Wolves prefer organ meat, prizing it as delicacy and a special treat. It has more nutrition, vitamins, minerals, and other good things than steak and roast. A wolf pack that brings down a deer or a buffalo has a "social order". The Alpha Male (and his mate) get the heart and liver, and the other biggest and strongest wolves get the kidneys. The other wolves have to get by on sirloin, rump roast, ribs, and so forth. Give a wolf a pound of heart and a pound of sirloin, and he will eat the heart first (but he will eat both). Dogs may have gotten their start from wolves who hung around the garbage dumps near cave man villages, but garbage is not good for wolves.

I started going to Wild Spirit several years ago when Mike Sparks, our customer service guy, showed us a brochure for the place. Leanna and I love animals, particularly (well, almost entirely) predators. On the first trip, I remarked that it was a pity I could not bring food. I was surprised when I was told it was ok. (They gave me a detailed explanation of what to bring. No pork. No fat.) On my next trip, I brought three beef hearts. One went to Genghis Khan, the Alpha Wolf, and one to his lady, Artemsia. (Being a soldier, I have an admiration for old Genghis.) The third heart went to Doc, a wolf who was not having a good time and needed something special to brighten his day. I have taken beef heart to Genghis twice now; tomorrow will be the third time. The second time, he didn't eat it at first, but carried it to the highest point in his pen to show it off. Then he ate it. Wolves have such a keen sense of smell that when I arrive at the sanctuary, Genghis recognizes me from two hundred yards away and goes a little crazy waiting for me to trudge up the hill with his special tribute. Being the Alpha Wolf, he darn well better get the most and best of what I bring.

Wild Spirit feeds the wolves a variety of food approved by the US government. (They are regulated like a zoo.) Naturally, cost is an issue, and the wolves (who eat a few pounds of meat every day) get various items including purchased and donated meat. (There are many hunters in the region who donate the unwanted parts of the deer and elk they kill. Taxidermists send in loads of bones and meat.) Often, the wolves get chicken, because dark meat is cheap to buy, and they often get a thing called "wolf loaf". Wolf loaf is a mixture of ground beef, ground turkey, eggs, vitamins, and other things. It's a way to make sure they get a balanced diet.

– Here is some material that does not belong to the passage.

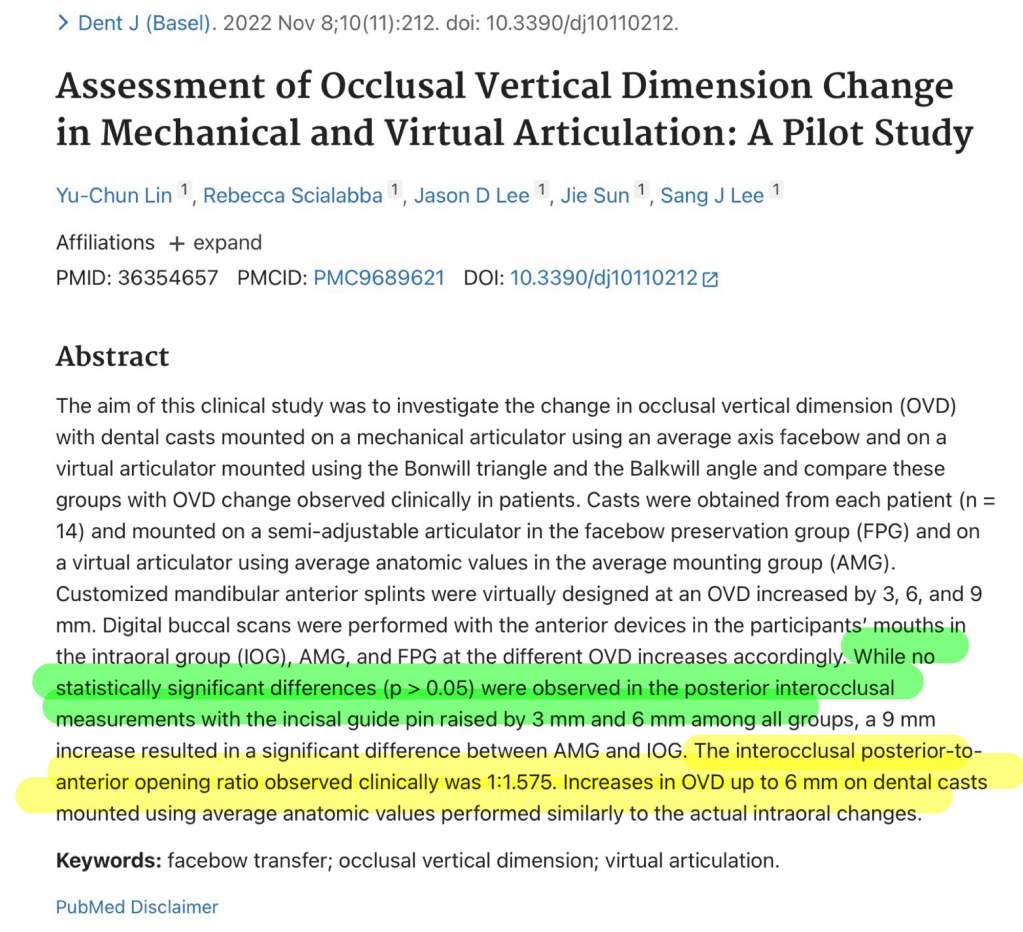 paper นี้เลย ต้องการดูว่า ถ้านำค่า Facebow เฉลี่ย มาใช้กับ Virtual articulator ค่า VD จะเพี้ยนมั๊ย? เมื่อเทียบกับการวัดจริง ในคลินิก (คล้ายๆ ที่เราใช้กัน เหมือนค่าเฉลี่ยใน hanau ด้วยสูตร L = H/8 + 12 ที่เราใช้ปรับมุม Condyle) โดย null คือ ค่าที่ออกมาไม่น่าจะแตกต่าง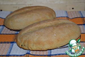 Разогреть духовку до 200 градусов. Сбрызнуть стенки духовки водой из пульверизатора и выпекать хлеб 20-25 минут до румяной корочки. Готовый хлеб остудить хлеб на решётке.

The pumpkins have always had just the normal day's ration of something, usually wolf loaf with maybe a piece of chicken. That is, they got that until I showed up. Now, they get the Las Vegas Buffet of wolf food: a chunk of heart, half a kidney, a slice of liver, several pieces of chicken, and of course, a double handful of wolf loaf. I was much amused last year to watch the wolves open their pumpkins and sort through the buffet. Each wolf would pick out his favorite item to eat first. Some of them would go through the whole pumpkin to see if there was any more of that favorite thing before eating the rest. There were two wolves which actually traded treats; each ate what they wanted and then at their pen mate's leftovers! Genghis, who had finished a four-pound heart only two hours earlier, not only ate his entire pumpkin's contents, but stole the buffet pumpkin from Artemesia! (She didn't seem to care; her tummy was full of four pounds of beef heart. The poor girl has to eat her heart as fast as she can to avoid having Genghis steal it from her. She has a Bad Boy Complex that would put the average motorcycle mama to shame. When she says "my mate can beat up your mate!" she isn't kidding.)